Short abstract
What methodology will define the complete secretome?
Abstract
A recent use of quantitative proteomics to determine the constituents of the endoplasmic reticulum and Golgi complex is discussed in the light of other available methodologies for cataloging the proteins associated with the mammalian secretory pathway.
The secretory pathway in mammalian cells consists of an array of membrane-bounded organelles and transport carriers through which secretory proteins move in a stepwise fashion to reach their different cellular destinations. This arrangement means that biochemical operations carried out by the pathway, such as protein folding, protein glycosylation or lipid biosynthesis, can be compartmentalized, which enables efficient and specific reactions. Because of this link between subcellular localization and function, a quantitative map of the distribution of all the protein and lipid constituents of the secretory pathway (the secretome) is an essential first step to a comprehensive molecular understanding of how the pathway functions. For the past 30 years, cell biologists and biochemists have addressed this problem by imaging immunolabeled components in intact cells and by the biochemical analysis of subcellular fractions (reviewed in [1,2]). Although these approaches have generated an enormous amount of detailed knowledge on the composition of the secretory pathway, the availability of the complete sequences of several eukaryotic genomes has recently enabled more systematic attempts to describe the secretory pathway comprehensively at the molecular level. Landmark studies in which a large, almost genome-wide, fraction of yeast open reading frames (ORFs) were tagged with green fluorescent protein (GFP) and their subcellular localizations determined in living cells have generated comprehensive localization maps for the Saccharomyces cerevisiae and Schizosaccharomyces pombe proteomes and thus also the secretory pathways in these organisms [3,4]. Related approaches in mammalian cells have also been reported [5,6], although these are still far less comprehensive than for yeast.
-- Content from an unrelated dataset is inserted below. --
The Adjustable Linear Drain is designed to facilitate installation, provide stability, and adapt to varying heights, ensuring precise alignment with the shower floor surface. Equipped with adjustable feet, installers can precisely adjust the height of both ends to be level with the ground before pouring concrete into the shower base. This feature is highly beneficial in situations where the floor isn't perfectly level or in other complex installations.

Subcellular fractionation followed by mass spectrometry (MS)-based analysis has also proved highly successful in mapping proteins to specific subcellular structures, such as the Golgi complex [7-9] or clathrin-coated vesicles [10,11]. Remarkably, recent advances in MS-based proteomics (reviewed in [12]) now even allow estimation of the relative abundance of proteins in a specific biochemical fraction, opening up new avenues for defining a genome-wide localization map of a mammalian proteome. Taking advantage of this technological progress, Gilchrist and colleagues [13] have recently produced an MS-based proteomic map of the major membrane-bounded entities of the mammalian secretory pathway - the endoplasmic reticulum (ER) and the Golgi complex. The significance of this well controlled piece of work is that it both complements and extends previous proteomic analyses of the mammalian secretory pathway [7-11,14].
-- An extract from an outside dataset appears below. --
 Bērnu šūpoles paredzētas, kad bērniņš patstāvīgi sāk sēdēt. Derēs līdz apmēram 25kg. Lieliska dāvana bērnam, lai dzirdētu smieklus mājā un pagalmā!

Gilchrist et al. [13] used classical biochemical procedures to isolate rough ER, smooth ER and Golgi membranes from rat liver, and then assessed fraction purity by electron microscopy and enzyme activity analyses. Solubilized membranes were subjected to gel electrophoresis and quantitative tandem MS, which identified peptides that could be mapped to more than 2,000 proteins. Assignment of these proteins to 23 different functional categories allowed the in silico removal of 470 proteins that were probably contaminants, with almost two-thirds of these being residents of mitochondria and the plasma membrane. Throughout this study, independent samples were prepared and analyzed in triplicate, with principal coordinate analysis confirming that the ER and Golgi fractions were consistently distinct from one another. Further clustering of the identified proteins was facilitated by subfractionation using salt washing and Triton X-114 phase separation, which finally yielded an impressive list of 832 unique ER proteins, 193 proteins of the Golgi complex and COPI transport vesicles, and a further 405 proteins that were found in both fractions.
This seems to be the most comprehensive effort so far to elucidate the proteomes of the organelles of the mammalian secretory pathway. An impressive number of controls were incorporated at every step to give the highest degree of confidence in the lists obtained. Closer analysis of these lists reveals that the vast majority of well known residents of the organelles have been identified, for example the components of the protein folding and glycosylation machinery in the ER, and the protein-modification enzymes in the Golgi complex, in addition to more than 300 uncharacterized proteins. Of particular note is the identification of many cytoplasmic proteins that are only transiently associated with membranes, including many components of the actin and micro-tubule cytoskeletons. However, a significant number of likely contaminants also seem to be present in the fractions, highlighting the fact that, despite improvements in the sensitivity of MS, the limitation of this type of approach remains at the level of the organelle separation techniques. For example, the identification of proteins of the plasma membrane/endocytic machinery (such as the clathrin adaptor 2 alpha subunit (CALM) and the GTPase dynamin) in the ER fraction indicates the difficulty of separating these membranes.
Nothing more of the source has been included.